[[ DATA BELOW open ]]
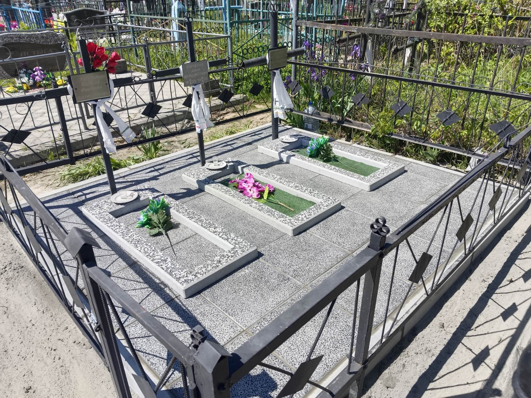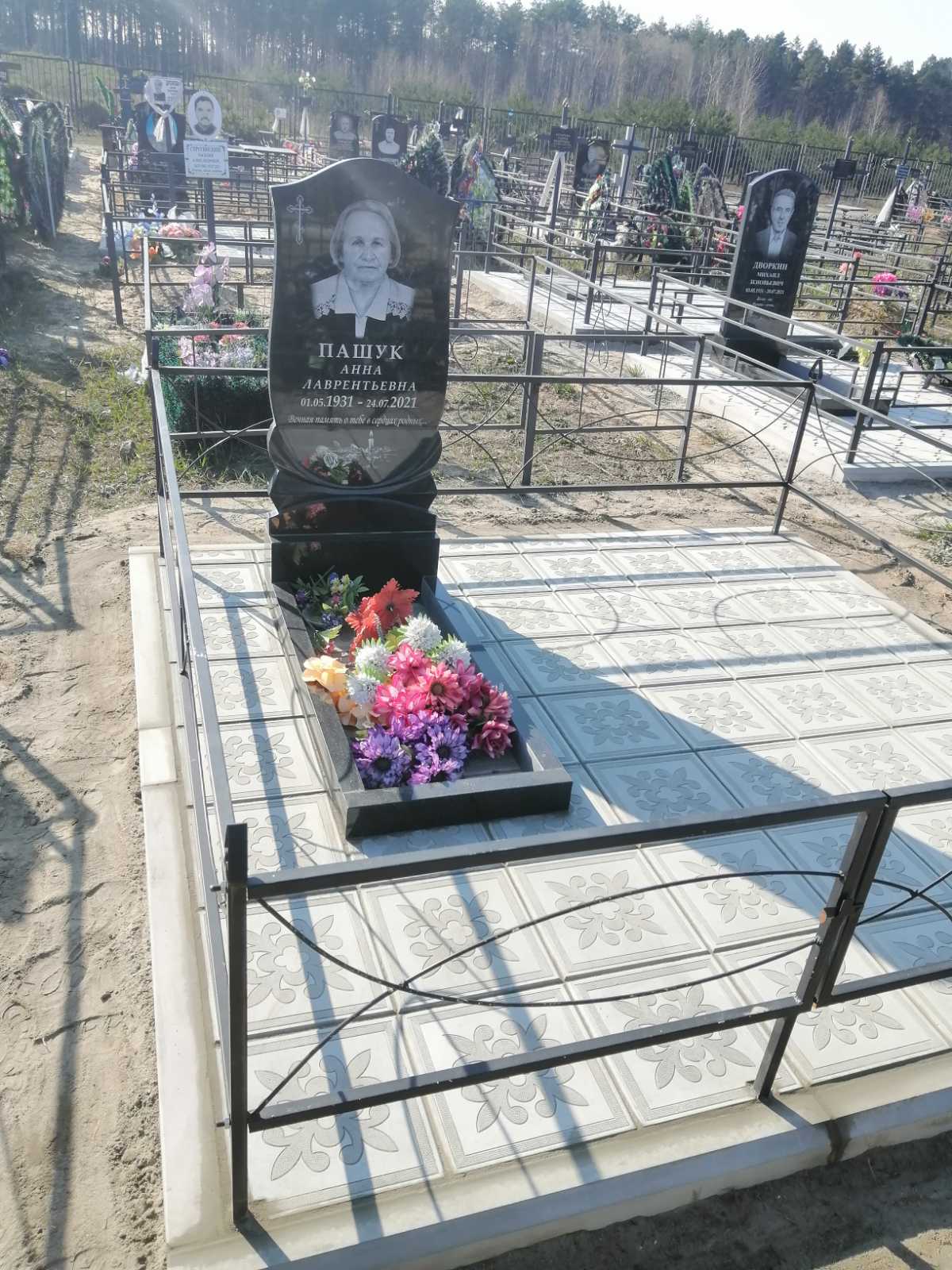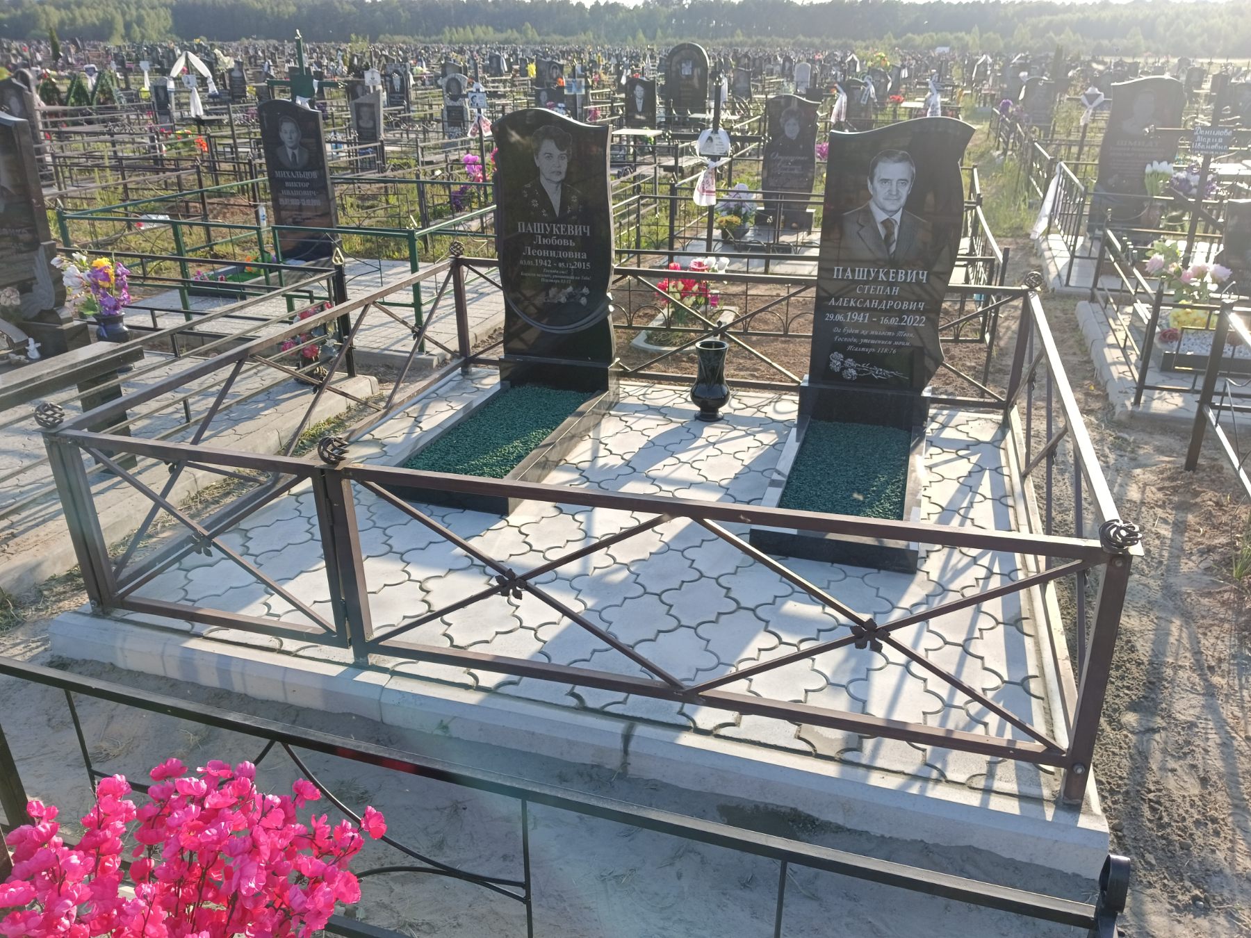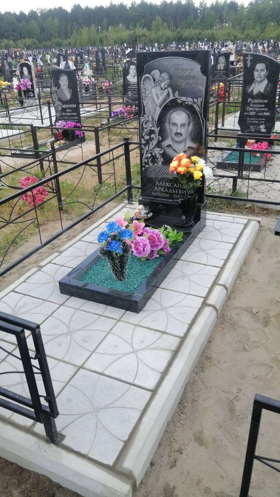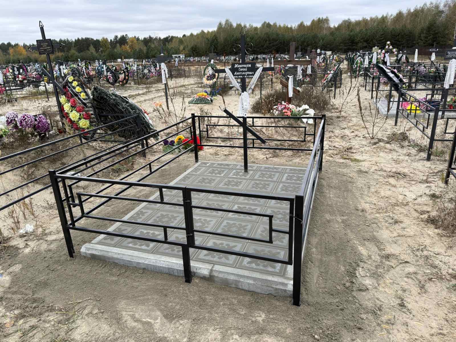 Что может входить в комплекс? Например, одна или несколько стел с ручной или пескоструйной гравировкой, разные модели цветника, бетонный цоколь с облицовочной плиткой, столик и скамья, вазы с цветами.
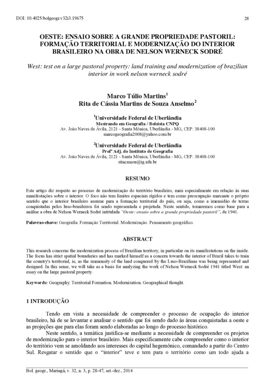 Este artigo diz respeito ao processo de modernização do território brasileiro, mais especialmente em relação às suas manifestações sobre o interior. O foco não tem limites espaciais rígidos e tem como preocupação marcante o próprio sentido que o interior brasileiro assume para a formação territorial do país, ou seja, como a imensidão de terras conquistadas pelos luso-brasileiros foi sendo representada e projetada. Neste sentido, tomaremos como base para a análise a obra de Nelson Werneck Sodré intitulada “Oeste: ensaio sobre a grande propriedade pastoril”, de 1941.
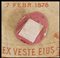 Cartoncino EX VESTE EIUS con frammento di cotone della veste bianca di Papa PIO IX , datato 16 GIUGNO 1878 , con firma autografa ad inchiostro nero del Cancelliere Ecclesiastico dell'epoca. Sul cartoncino in alto piccola foto di Sua Santità in preghiera, entro cornice pontificia.
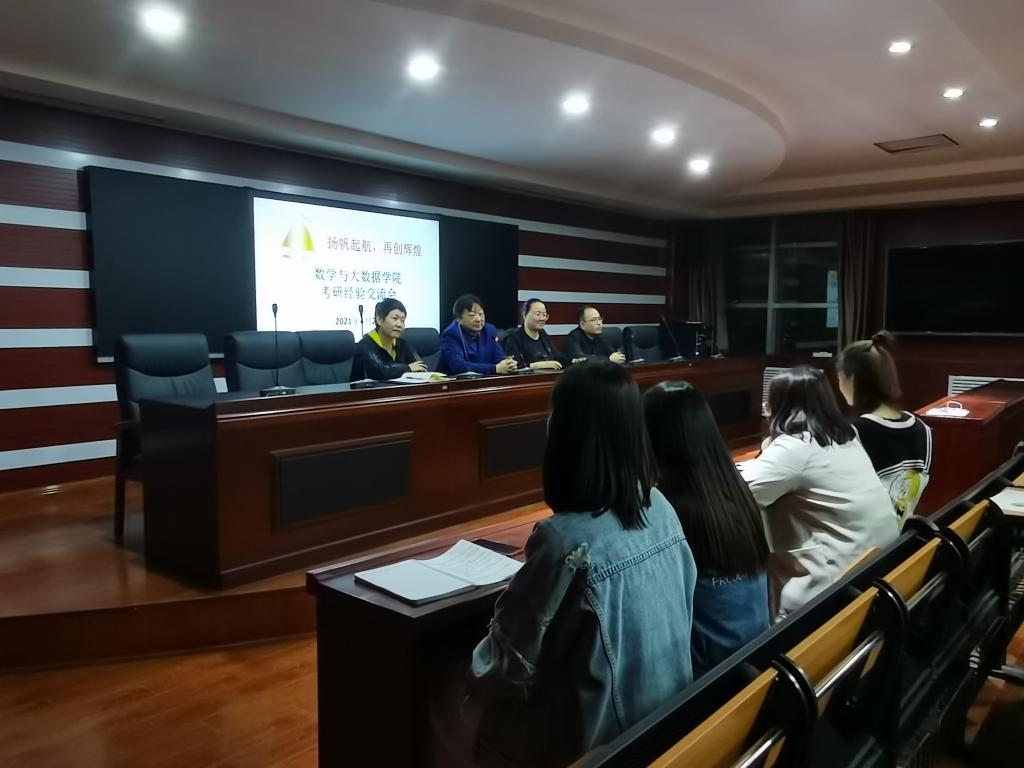 会议首先由数学与大数据学院院长王海清发表了讲话,他对考研成功的学生取得的优异成绩给予了高度肯定和深深祝贺,接着深入分析了当下的考研形势,并鼓励同学们积极考研,努力拼搏,把握机会。其次,由考上研究生的四名同学分别就专业课和政治英语的考研学习内容、学习方法、时间安排以及选学校选专业等方面分享了自己的宝贵经验和心得体会,结束之后一一解答了同学们在备考路上遇到的种种难题。最后副院长额尔敦其其格讲道:“要把握和珍惜在校学习的良好条件,扎扎实实学好每一门课程,尽早确定自己的报考方向,明确奋斗目标,脚踏实地、专心致志把备考的过程作为夯实自我、提升自我、发展自我的途径之一,努力实现自己远大的理想和抱负。”党总支副书记郝喜凤讲道:“希望考上研究生的同学珍惜宝贵的升学深造机会,谦虚谨慎,戒骄戒躁,把自己的眼界放宽一些,知识面要广博一些,从新的环境中再次脱颖而出,取得更大的成绩。低年级立志考研深造的同学们借鉴学姐们的考研经验,以考上研同学为榜样,把勤奋学习作为人生进步的阶梯,将学姐们的方法、经验善于运用于自己的考研实践,认真做好考研准备。”
[[ DATA BELOW closed ]]
### TASK INSTRUCTIONS
Quote, please, every line of the material above from its start through the line that has "Cartoncino EX VESTE", reproducing the words exactly and dropping any images.

### RESPONSE
 Что может входить в комплекс? Например, одна или несколько стел с ручной или пескоструйной гравировкой, разные модели цветника, бетонный цоколь с облицовочной плиткой, столик и скамья, вазы с цветами.
 Este artigo diz respeito ao processo de modernização do território brasileiro, mais especialmente em relação às suas manifestações sobre o interior. O foco não tem limites espaciais rígidos e tem como preocupação marcante o próprio sentido que o interior brasileiro assume para a formação territorial do país, ou seja, como a imensidão de terras conquistadas pelos luso-brasileiros foi sendo representada e projetada. Neste sentido, tomaremos como base para a análise a obra de Nelson Werneck Sodré intitulada “Oeste: ensaio sobre a grande propriedade pastoril”, de 1941.
 Cartoncino EX VESTE EIUS con frammento di cotone della veste bianca di Papa PIO IX , datato 16 GIUGNO 1878 , con firma autografa ad inchiostro nero del Cancelliere Ecclesiastico dell'epoca. Sul cartoncino in alto piccola foto di Sua Santità in preghiera, entro cornice pontificia.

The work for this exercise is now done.